- EXERCISE AIM
The expected output is every entry, copied exactly.

[[ AVAILABLE RECORDS, beginning ]]

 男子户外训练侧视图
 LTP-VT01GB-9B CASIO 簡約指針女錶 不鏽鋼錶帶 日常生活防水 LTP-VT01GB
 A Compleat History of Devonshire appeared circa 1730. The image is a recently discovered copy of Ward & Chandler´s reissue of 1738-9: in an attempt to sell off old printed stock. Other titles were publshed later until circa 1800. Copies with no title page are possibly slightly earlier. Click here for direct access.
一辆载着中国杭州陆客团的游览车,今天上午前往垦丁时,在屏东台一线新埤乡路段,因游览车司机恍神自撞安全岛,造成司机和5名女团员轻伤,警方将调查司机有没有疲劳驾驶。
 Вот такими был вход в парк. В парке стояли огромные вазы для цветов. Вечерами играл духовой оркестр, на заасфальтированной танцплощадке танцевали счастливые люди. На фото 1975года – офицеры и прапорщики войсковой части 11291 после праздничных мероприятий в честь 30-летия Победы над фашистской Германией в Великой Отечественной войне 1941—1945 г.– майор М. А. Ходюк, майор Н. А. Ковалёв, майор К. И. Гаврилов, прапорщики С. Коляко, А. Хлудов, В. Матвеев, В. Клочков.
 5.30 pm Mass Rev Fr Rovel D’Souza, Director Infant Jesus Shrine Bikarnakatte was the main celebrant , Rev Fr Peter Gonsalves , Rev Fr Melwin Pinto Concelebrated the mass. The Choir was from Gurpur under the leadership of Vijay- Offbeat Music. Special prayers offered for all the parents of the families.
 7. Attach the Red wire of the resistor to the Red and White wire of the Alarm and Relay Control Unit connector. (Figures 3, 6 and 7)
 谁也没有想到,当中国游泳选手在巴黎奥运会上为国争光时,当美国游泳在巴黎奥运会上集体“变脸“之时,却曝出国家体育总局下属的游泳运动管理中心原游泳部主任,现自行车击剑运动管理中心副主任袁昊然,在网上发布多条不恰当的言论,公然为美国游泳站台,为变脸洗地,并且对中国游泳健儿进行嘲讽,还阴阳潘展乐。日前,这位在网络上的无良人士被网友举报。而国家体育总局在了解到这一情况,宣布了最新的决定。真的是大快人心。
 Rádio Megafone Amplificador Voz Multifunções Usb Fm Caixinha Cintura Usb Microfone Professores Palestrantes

[[ AVAILABLE RECORDS, end ]]

- RESULT OF THE TASK
 男子户外训练侧视图
 LTP-VT01GB-9B CASIO 簡約指針女錶 不鏽鋼錶帶 日常生活防水 LTP-VT01GB
 A Compleat History of Devonshire appeared circa 1730. The image is a recently discovered copy of Ward & Chandler´s reissue of 1738-9: in an attempt to sell off old printed stock. Other titles were publshed later until circa 1800. Copies with no title page are possibly slightly earlier. Click here for direct access.
一辆载着中国杭州陆客团的游览车,今天上午前往垦丁时,在屏东台一线新埤乡路段,因游览车司机恍神自撞安全岛,造成司机和5名女团员轻伤,警方将调查司机有没有疲劳驾驶。
 Вот такими был вход в парк. В парке стояли огромные вазы для цветов. Вечерами играл духовой оркестр, на заасфальтированной танцплощадке танцевали счастливые люди. На фото 1975года – офицеры и прапорщики войсковой части 11291 после праздничных мероприятий в честь 30-летия Победы над фашистской Германией в Великой Отечественной войне 1941—1945 г.– майор М. А. Ходюк, майор Н. А. Ковалёв, майор К. И. Гаврилов, прапорщики С. Коляко, А. Хлудов, В. Матвеев, В. Клочков.
 5.30 pm Mass Rev Fr Rovel D’Souza, Director Infant Jesus Shrine Bikarnakatte was the main celebrant , Rev Fr Peter Gonsalves , Rev Fr Melwin Pinto Concelebrated the mass. The Choir was from Gurpur under the leadership of Vijay- Offbeat Music. Special prayers offered for all the parents of the families.
 7. Attach the Red wire of the resistor to the Red and White wire of the Alarm and Relay Control Unit connector. (Figures 3, 6 and 7)
 谁也没有想到,当中国游泳选手在巴黎奥运会上为国争光时,当美国游泳在巴黎奥运会上集体“变脸“之时,却曝出国家体育总局下属的游泳运动管理中心原游泳部主任,现自行车击剑运动管理中心副主任袁昊然,在网上发布多条不恰当的言论,公然为美国游泳站台,为变脸洗地,并且对中国游泳健儿进行嘲讽,还阴阳潘展乐。日前,这位在网络上的无良人士被网友举报。而国家体育总局在了解到这一情况,宣布了最新的决定。真的是大快人心。
 Rádio Megafone Amplificador Voz Multifunções Usb Fm Caixinha Cintura Usb Microfone Professores Palestrantes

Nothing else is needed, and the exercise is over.